About five or six years ago, while mucking my way through a creative rut and trying to finish the rewrite of my first novel, I had an epiphany that would be a forever game-changer: I was, and always had been, a student of the Perennial Philosophy first and a pantheist second. The cart had been pulling the horse since early 2014 when I took a deep dive into Spinoza and religious naturalism, and the years that followed brought an earnest but ultimately fruitless effort to deify non-dual logic itself, without fully acknowledging what had brought me to his qualified monism years prior. It wasn’t pantheism — it was the work of social scientist and novelist Aldous Huxley toward an interdisciplinary understanding of the “unitive knowledge” sought by mystics of all stripes, including many pantheists. The pursuit of unitive knowledge had been the method, and pantheism the conclusion.

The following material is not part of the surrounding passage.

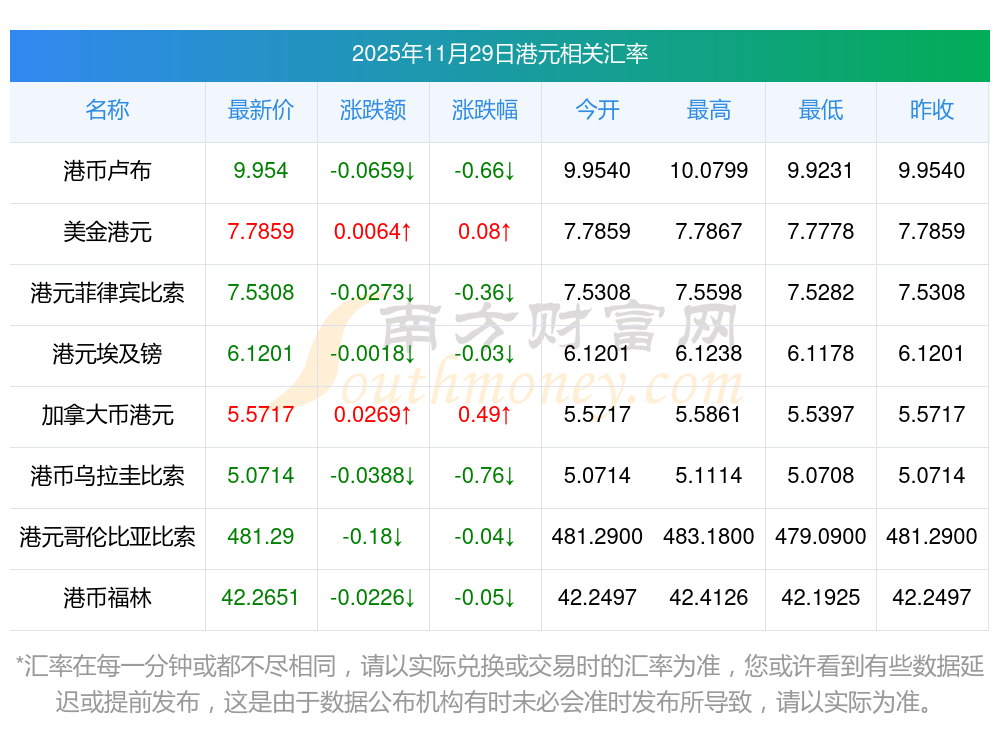 2025年11月29日港元相關(guān)匯率查詢

This mattered because one of the hallmarks of Perennialist spirituality is the ability to find common cause with people who don’t come to the same conclusion, but whose methods are in accord with each other and lead to a unitary place called by different names. As soon as I re-hitched my cart to Perennialism, I stopped arguing with theists and atheists on social media, and went back to seeking the common cause in our conversations. Perennialism, in other words, retaught me to love my neighbor as myself. (This commandment from the Judeo-Christian tradition originates from and brings our attention to the same interior space as the Vedantic mantra “Thou art That.”)
But what is this relatively unknown term that seems to come in and go out of theological vogue? Maybe you’ve seen the term “Perennialism” and wondered why people worship plants that grow back every spring. Or certainly you’ve read some of the adages of pop philosophy that are often identified as Perennialist: “all religions teach the same thing,” “no religion has the *yawn* whole truth but they all have part of the truth,” etc. Or maybe you’ve had an introduction to Perennialism but were turned off by the reactionary politics and anti-modernism of the René Guénons and Julius Evolas of the past and Steve Bannons and Aleksandr Dugins of the present.

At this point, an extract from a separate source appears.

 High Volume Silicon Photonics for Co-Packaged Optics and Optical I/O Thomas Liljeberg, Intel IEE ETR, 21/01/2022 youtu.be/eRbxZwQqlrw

If so, I would love to introduce you to a meatier and much less fashy understanding of Perennialism through this outstanding piece by David Armstrong, in which he reviews a new book titled “The Perennial Philosophy Reloaded: A Guide for the Mystically Inclined,” by Dana Sawyer. This volume seems to describe exactly what I am, with nuances and particulars that picked up where Huxley left off. According to Armstrong, Sawyer asserts that the form of Perennialism espoused through the mid-20th century by Huxley, Houston Smith, Alan Watts, Carl Jung, and Joseph Campbell, “rather than being a ‘new’ form of perennialism…is what the classic perennialists themselves had in mind.”
Here are some highlights from Armstrong’s review:
“Perennialism is a minimal working hypothesis—a lowest common denominator (or “highest common factor” in Huxley’s work) of philosophical/mystical intuition that recurs across religious and philosophical divides…Rebutting the critique that perennialism…is in fact a bland kind of “all religions teach the same ideas” way to spiritually bypass the tough incongruities between religious systems and cultures, Sawyer argues that perennialism concerns itself with what Huxley called “the minimal working hypothesis”
There are “four principles constitutive of the minimal working hypothesis…: first, “THAT there is a transcendent foundation of all reality…existing beyond the physical world of time and space,” “THAT this Ground of Being is transcendent to the world of time and space but also is manifest as the world of time and space,” “THAT it is possible for human beings not only to understand theories about this configuration of reality, but, via the ‘unitive knowledge’…to experience it,” and “THAT achieving this spiritual awakening of our oneness with Ultimate Reality not only brings meaning and purpose to our lives, via a richer perspective on our circumstances in the world, but an awakening of our responsibilities towards others”
Rather than doctrine, Perennialism centers “what Huxley termed the ‘unitive knowledge,’ which was the sense that they had merged into a oneness with God/Nature/the Sacred or Ultimate Reality. Huxley also noted that despite the fact that the unitive mystical experience (UME) was then weighed and evaluated variously inside the different religious traditions, the mystics themselves valued it.”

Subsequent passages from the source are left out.